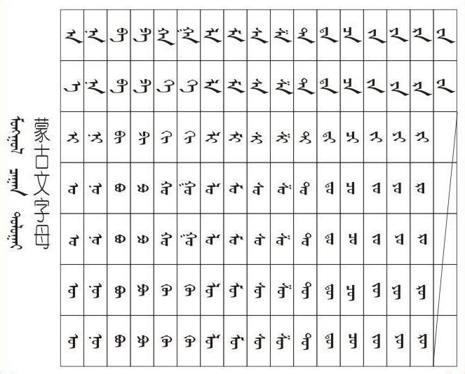回鹘式蒙古文字是一种拼音文字。字母分元音和辅音两大类,虽然至今人们尚未在文献记载中发现其字母表,但据后人对这种文字材料进行分析,归纳出有19个字母。其中,5个表示元音,14个表示辅音。书写时元音字母和辅音字母笔画连在一起,形成一个整体蒙古字。每个字母视其出现在词里的位置不同,写法略有变化,分词首、词中、词末3种变体。阿拼写时一般以词为单位,上下连书。字序从上到下,行序从左到右。因其是以回鹘文为基础创建的,因此称其为回鹘式蒙古文。
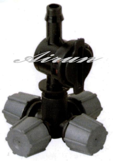设计采用一种涡流喷嘴,提供涡流喷雾流,最大限度地降低堵塞的可能性。分解式构造,便于维修。可选用四个或单出口。垂直安装于适当位置,用于温室大棚中扦插育苗。雾化效果良好,配合整体式膜片防滴阀,可有效杜绝停
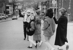 Description :PAULINE DOYON TIENT UNE PANCARTE OU IL EST ECRIT "ARRET", TANDIS QUE QUATRE JEUNES FILLES SE PREPARENT A TRAVERSER LA RUE GILLEPSIE.
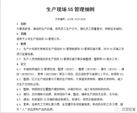 生產現場5S管理細則部分內容截圖
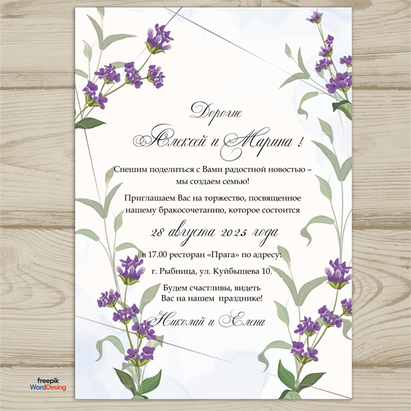 Красивый шаблон приглашения на свадьбу в формате Microsoft Word.Шаблон был сделан в программе Фотошоп и для удобства был переведен в Microsoft Word

··········

> Directions for this task
Each record above is to be written out exactly; the pictures are not.

> Result for this exercise
回鹘式蒙古文字是一种拼音文字。字母分元音和辅音两大类,虽然至今人们尚未在文献记载中发现其字母表,但据后人对这种文字材料进行分析,归纳出有19个字母。其中,5个表示元音,14个表示辅音。书写时元音字母和辅音字母笔画连在一起,形成一个整体蒙古字。每个字母视其出现在词里的位置不同,写法略有变化,分词首、词中、词末3种变体。阿拼写时一般以词为单位,上下连书。字序从上到下,行序从左到右。因其是以回鹘文为基础创建的,因此称其为回鹘式蒙古文。
设计采用一种涡流喷嘴,提供涡流喷雾流,最大限度地降低堵塞的可能性。分解式构造,便于维修。可选用四个或单出口。垂直安装于适当位置,用于温室大棚中扦插育苗。雾化效果良好,配合整体式膜片防滴阀,可有效杜绝停
 Description :PAULINE DOYON TIENT UNE PANCARTE OU IL EST ECRIT "ARRET", TANDIS QUE QUATRE JEUNES FILLES SE PREPARENT A TRAVERSER LA RUE GILLEPSIE.
 生產現場5S管理細則部分內容截圖
 Красивый шаблон приглашения на свадьбу в формате Microsoft Word.Шаблон был сделан в программе Фотошоп и для удобства был переведен в Microsoft Word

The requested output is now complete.